Now run make command:

hduser@tpch_2_17_0/dbgen$ make


After a successful compilation you should have dbgen executable in your current working director:

hduser@tpch_2_17_0/dbgen$ ./dbgen -h

TPC-H Population Generator (Version 2.17.0 build 0)
Copyright Transaction Processing Performance Council 1994 - 2010
USAGE:
dbgen [-
{vf}
][-T
{pcsoPSOL}
]
[-s <scale>][-C <procs>][-S <step>]
dbgen [-v] [-O m] [-s <scale>] [-U <updates>]
Basic Options
===========================
-C <n> – separate data set into <n> chunks (requires -S, default: 1)
-f – force. Overwrite existing files
-h – display this message
-q – enable QUIET mode
-s <n> – set Scale Factor (SF) to <n> (default: 1)
-S <n> – build the <n>th step of the data/update set (used with -C or -U)
-U <n> – generate <n> update sets
-v – enable VERBOSE mode
Advanced Options
===========================
-b <s> – load distributions for <s> (default: dists.dss)
-d <n> – split deletes between <n> files (requires -U)
-i <n> – split inserts between <n> files (requires -U)
-T c – generate cutomers ONLY
-T l – generate nation/region ONLY
-T L – generate lineitem ONLY
-T n – generate nation ONLY
-T o – generate orders/lineitem ONLY
-T O – generate orders ONLY
-T p – generate parts/partsupp ONLY
-T P – generate parts ONLY
-T r – generate region ONLY
-T s – generate suppliers ONLY
-T S – generate partsupp ONLY
To generate the SF=1 (1GB), validation database population, use:
dbgen -vf -s 1
To generate updates for a SF=1 (1GB), use:
dbgen -v -U 1 -s 1

hduser@tpch_2_17_0/dbgen$ 


Use dbgen to generate a 4G of TPC-H benchmark data.

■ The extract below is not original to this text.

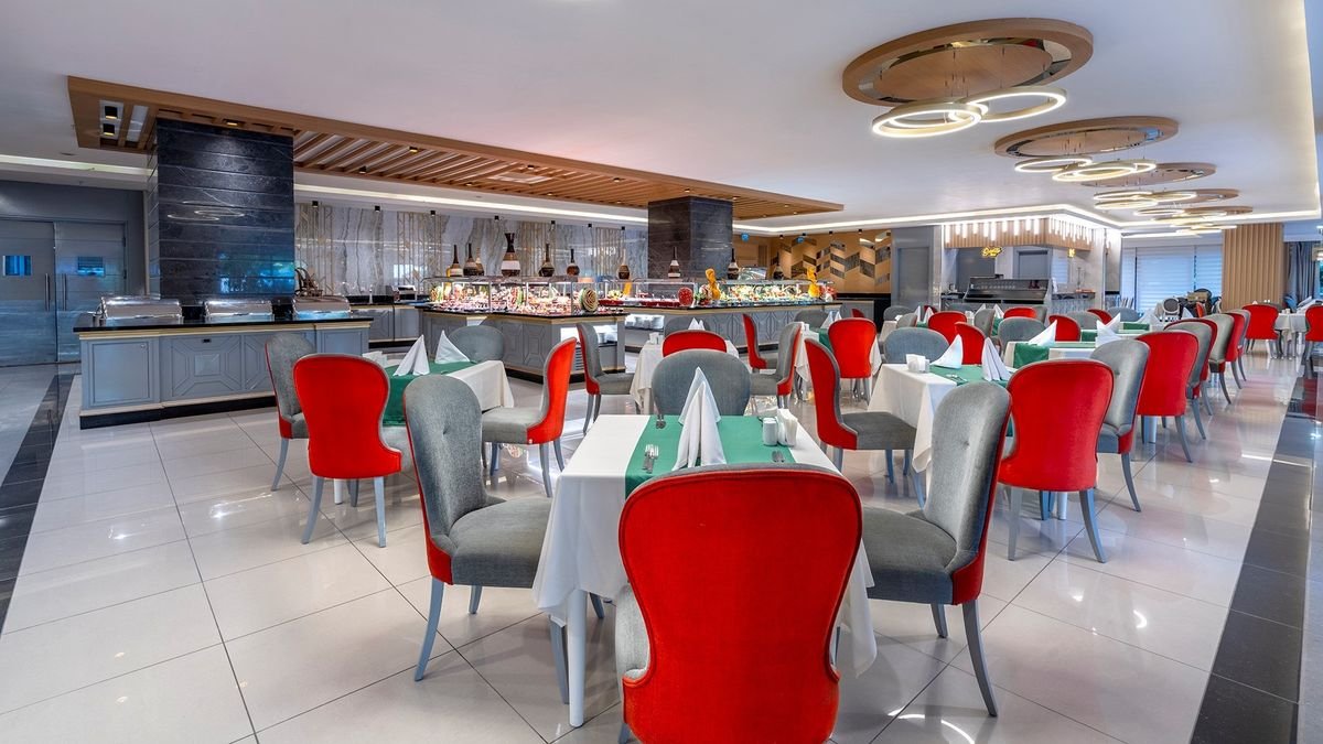 pięciogwiazdkowy, zbudowany w 2014 r., 180 pokoi, 2 budynki, 4 piętra, 2 windy, przestronne lobby, całodobowa recepcja, restauracja główna – dania w formie bufetu, kuchnia międzynarodowa, dania wegetariańskie, 3 restauracje à la carte - kuchnia włoska, turecka i meksykańska, w restauracjach dostępne foteliki dla dzieci, 4 bary, w tym przy basenie i na plaży, fajka wodna (dodatkowo płatna); sklepy, butik z odzieżą; sala konferencyjna dla 150 osób, ogród, bezpłatny internet bezprzewodowy na terenie całego hotelu; za opłatą: lekarz na wezwanie, fryzjer, wypożyczalnia samochodów, room-service; udogodnienia dla osób z niepełnosprawnościami; akceptowane karty kredytowe: Visa, MasterCard, Eurocard.

In order to be able to load generated files in parallel by using Oracle External tables, we will be using file split feature of dbgen (Remember that this step might take some time and can be parallelized depending on your CPU & I/O capacity):

hduser@tpch_2_17_0/dbgen$ ./dbgen -s 4 -S 1 -C 8 -v

TPC-H Population Generator (Version 2.17.0)
Copyright Transaction Processing Performance Council 1994 - 2010
Starting to load stage 1 of 8 for suppliers table.../
Preloading text ... 100%
done.
Starting to load stage 1 of 8 for customers table...done.
Starting to load stage 1 of 8 for orders/lineitem tables...done.
Starting to load stage 1 of 8 for part/partsupplier tables...done.
Generating data for nation tabledone.
Generating data for region tabledone.
hduser@tpch_2_17_0/dbgen$ ./dbgen -s 4 -S 2 -C 8 -v
TPC-H Population Generator (Version 2.17.0)
Copyright Transaction Processing Performance Council 1994 - 2010
Starting to load stage 2 of 8 for suppliers table.../
Preloading text ... 100%
done.
Starting to load stage 2 of 8 for customers table...done.
Starting to load stage 2 of 8 for orders/lineitem tables...done.
Starting to load stage 2 of 8 for part/partsupplier tables...done.
Generating data for nation tableDo you want to overwrite ./nation.tbl ? [Y/N]: Y
done.
Generating data for region tableDo you want to overwrite ./region.tbl ? [Y/N]: Y
done.

hduser@tpch_2_17_0/dbgen$ ./dbgen -s 4 -S 8 -C 8 -v

TPC-H Population Generator (Version 2.17.0)
Copyright Transaction Processing Performance Council 1994 - 2010
Starting to load stage 8 of 8 for suppliers table.../
Preloading text ... 100%
done.
Starting to load stage 8 of 8 for customers table...done.
Starting to load stage 8 of 8 for orders/lineitem tables...done.
Starting to load stage 8 of 8 for part/partsupplier tables...done.
Generating data for nation tableDo you want to overwrite ./nation.tbl ? [Y/N]: Y
done.
Generating data for region tableDo you want to overwrite ./region.tbl ? [Y/N]: Y
done.


When you are done with all 8 executions you will have *tbl* files in your current working directory. Those are pipe separated files which you will be loading into your database.

DBGEN Options

–s 4 specifies that we are using a scale factor of 4 meaning that we are generating approximately 4GB of benchmark data. –S 1 instructs dbgen to generate first of 8 chunks. –C 8 is the total number of files for each large dataset (excluding nation and region tables). –v is setting the verbosity for dbgen.

DBGEN Output

In total you will see that all *tbl* files will be approximately 4 GB in size.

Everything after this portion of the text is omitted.